**SUPPLIED MATERIAL:**

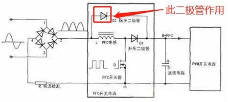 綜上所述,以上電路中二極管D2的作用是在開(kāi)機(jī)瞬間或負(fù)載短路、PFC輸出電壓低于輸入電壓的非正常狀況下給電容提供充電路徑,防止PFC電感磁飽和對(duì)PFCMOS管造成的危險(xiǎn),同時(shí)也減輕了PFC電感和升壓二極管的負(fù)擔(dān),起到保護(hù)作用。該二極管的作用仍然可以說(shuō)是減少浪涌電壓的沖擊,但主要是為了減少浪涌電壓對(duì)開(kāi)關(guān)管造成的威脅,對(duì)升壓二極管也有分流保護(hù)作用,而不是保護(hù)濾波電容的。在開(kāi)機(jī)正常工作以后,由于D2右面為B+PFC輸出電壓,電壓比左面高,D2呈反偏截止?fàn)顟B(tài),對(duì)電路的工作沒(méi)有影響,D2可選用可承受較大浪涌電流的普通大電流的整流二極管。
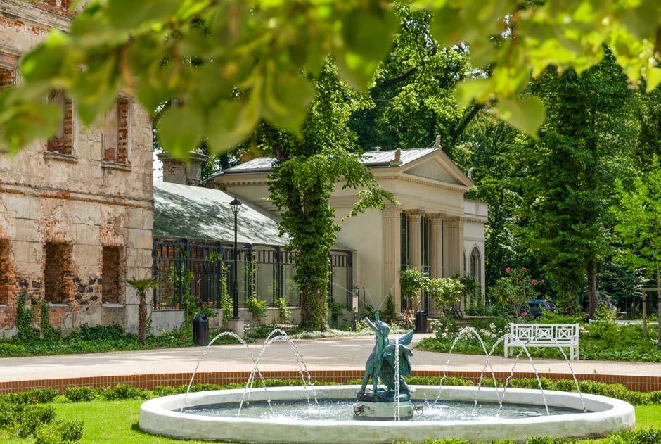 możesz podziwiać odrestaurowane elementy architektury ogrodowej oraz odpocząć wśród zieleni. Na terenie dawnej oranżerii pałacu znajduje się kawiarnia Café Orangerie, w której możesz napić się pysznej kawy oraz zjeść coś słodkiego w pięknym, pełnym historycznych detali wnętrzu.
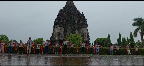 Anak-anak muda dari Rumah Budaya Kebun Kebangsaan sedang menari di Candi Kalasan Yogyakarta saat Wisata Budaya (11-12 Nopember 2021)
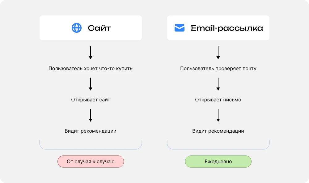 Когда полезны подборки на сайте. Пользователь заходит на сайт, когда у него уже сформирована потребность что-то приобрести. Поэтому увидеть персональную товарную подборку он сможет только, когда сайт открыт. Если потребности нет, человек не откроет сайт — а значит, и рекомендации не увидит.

**PROBLEM DETAILS:** Repeat all the material above exactly, apart from the pictures.

**ANSWER TO THIS EXERCISE:**
 綜上所述,以上電路中二極管D2的作用是在開(kāi)機(jī)瞬間或負(fù)載短路、PFC輸出電壓低于輸入電壓的非正常狀況下給電容提供充電路徑,防止PFC電感磁飽和對(duì)PFCMOS管造成的危險(xiǎn),同時(shí)也減輕了PFC電感和升壓二極管的負(fù)擔(dān),起到保護(hù)作用。該二極管的作用仍然可以說(shuō)是減少浪涌電壓的沖擊,但主要是為了減少浪涌電壓對(duì)開(kāi)關(guān)管造成的威脅,對(duì)升壓二極管也有分流保護(hù)作用,而不是保護(hù)濾波電容的。在開(kāi)機(jī)正常工作以后,由于D2右面為B+PFC輸出電壓,電壓比左面高,D2呈反偏截止?fàn)顟B(tài),對(duì)電路的工作沒(méi)有影響,D2可選用可承受較大浪涌電流的普通大電流的整流二極管。
 możesz podziwiać odrestaurowane elementy architektury ogrodowej oraz odpocząć wśród zieleni. Na terenie dawnej oranżerii pałacu znajduje się kawiarnia Café Orangerie, w której możesz napić się pysznej kawy oraz zjeść coś słodkiego w pięknym, pełnym historycznych detali wnętrzu.
 Anak-anak muda dari Rumah Budaya Kebun Kebangsaan sedang menari di Candi Kalasan Yogyakarta saat Wisata Budaya (11-12 Nopember 2021)
 Когда полезны подборки на сайте. Пользователь заходит на сайт, когда у него уже сформирована потребность что-то приобрести. Поэтому увидеть персональную товарную подборку он сможет только, когда сайт открыт. Если потребности нет, человек не откроет сайт — а значит, и рекомендации не увидит.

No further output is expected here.